Editor's Space

Religious Repression Unabated in China

In a recent article, a columnist from The New York Times wrote: “China is engaging in internment, monitoring or persecution of Muslims, Christians and Buddhists on a scale almost unparalleled by a major nation in three-quarters of a century.”

The intensified persecution comes at a time when the United States is fighting a high-stakes trade war with the Chinese government. And the crackdown on religion comes not that long after the Vatican signed an agreement with Chinese authorities that was supposed to ease the repression against Catholics in China.

President Richard Nixon “opened up China” with his historic visit in 1972, and since the market reforms Deng Xiaoping started in 1978, the West expected China to change its society even more. And change it did – in a radical fashion. China transformed itself. In the 1950s and 1960s China millions died on starvation, but the country now has the second-largest economy in the world.

The West expected China to become a freer society in the process. A market economy, many pundits thought, would produce a democratic society with an open market of ideas. The brutal repression of the protests for democracy in Tiananmen Square in 1989 proved them wrong. China was not replacing Communism with democracy, but with fascism. That would probably be the most accurate definition of the Chinese government of the past several decades – a totalitarian state with a market economy, closer to any fascist regime than to Stalin’s Russia – or to Mao’s China for that matter.

Even after Tiananmen Square, many in the West thought that you could do business with China just by turning a blind eye to the repressive nature of the regime. That was the logic behind the decision of inviting China to become a member in the World Trade Organization in 2001. Almost two decades later, the “experts” have been proven wrong again. Currency manipulation, intellectual property theft and abhorrent labor conditions have been a few of the many ways the Chinese government has shown the West it isn’t willing to play by the rules.
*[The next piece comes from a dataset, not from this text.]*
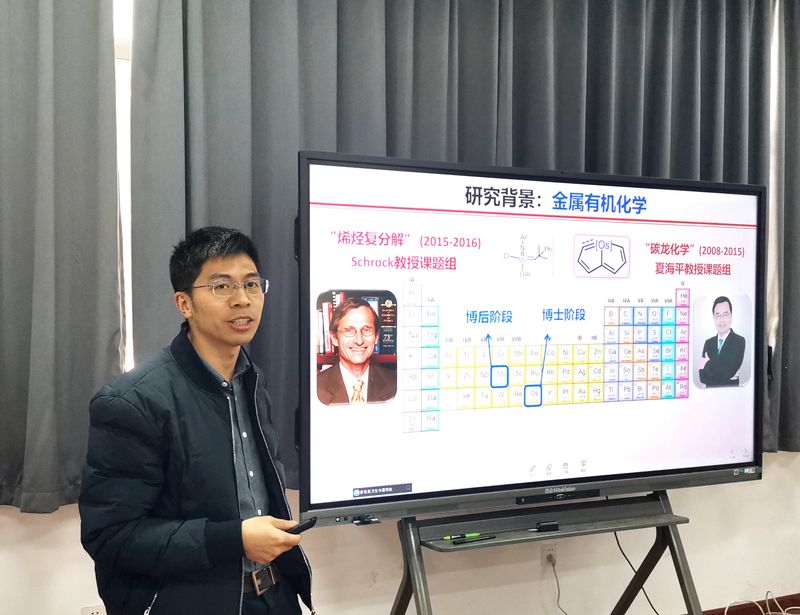 朱从青教授作了题为“锕系金属-金属键化学”的学术报告。他从自身求学经历介绍其个人及其团队在金属有机化学、锕系金属配位化学、小分子活化转化领域的研究工作,详细介绍了他针对f区锕系金属参与的金属-金属键研究受限于合成方法少、产物稳定性差、难以表征等因素而发展缓慢的问题,在基于软硬酸碱理论上,设计了一类新型“双层N-P配体”,成功构筑一系列铀-过渡金属单、双、三键配合物,并对它们的反应性及性能进行了系统研究,并取得了一系列研究成果。

When it comes to Christian persecution, the perception of many commentators in the West has been equally wrong. They have uncritically accepted the notion that the repression was a sub-product of China’s colonial past. While it is true that the Chinese suffered monstrous humiliations at the hand of Western powers, and that Christian missionaries often arrived with the perpetrators, the past can’t explain the current religious persecution.
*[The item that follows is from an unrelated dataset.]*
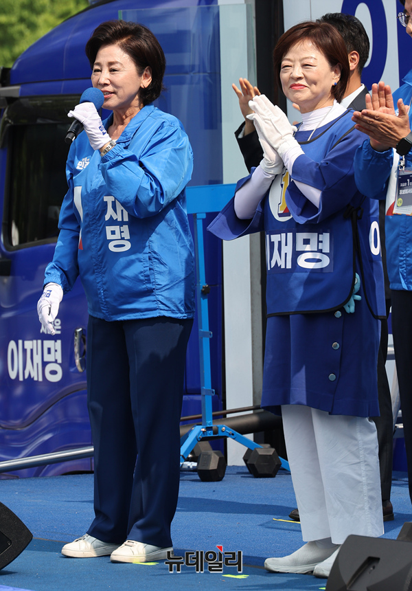 남인순, 진선미 민주당 의원이 29일 오후 서울 송파구 잠실야구장 광장에서 열린 이재명 대선후보 서울 강동·송파 집중유세에서 지지호소를 하고 있다.

The repression of the Uighur Muslims or the Tibetan Buddhists – to cite just two examples – has been as horrendous and implacable as that against Christians. For all practical purposes, the Chinese government remains Communist only in name – except when it comes to religion. There is today in China a veritable extermination war against religion – the same war Mao started even before taking power in 1949.

As different as they are, the Vatican agreement and the trade war of the current U.S. administration are attempts to make the Chinese government play by the rules.

China is a great country, and it deserves the respect that the old colonial powers denied it for centuries. But the Chinese authorities have to realize that a great power can’t behave like an outlaw, totalitarian enterprise indefinitely, because the rest of the world won’t accept it – and neither will its own people.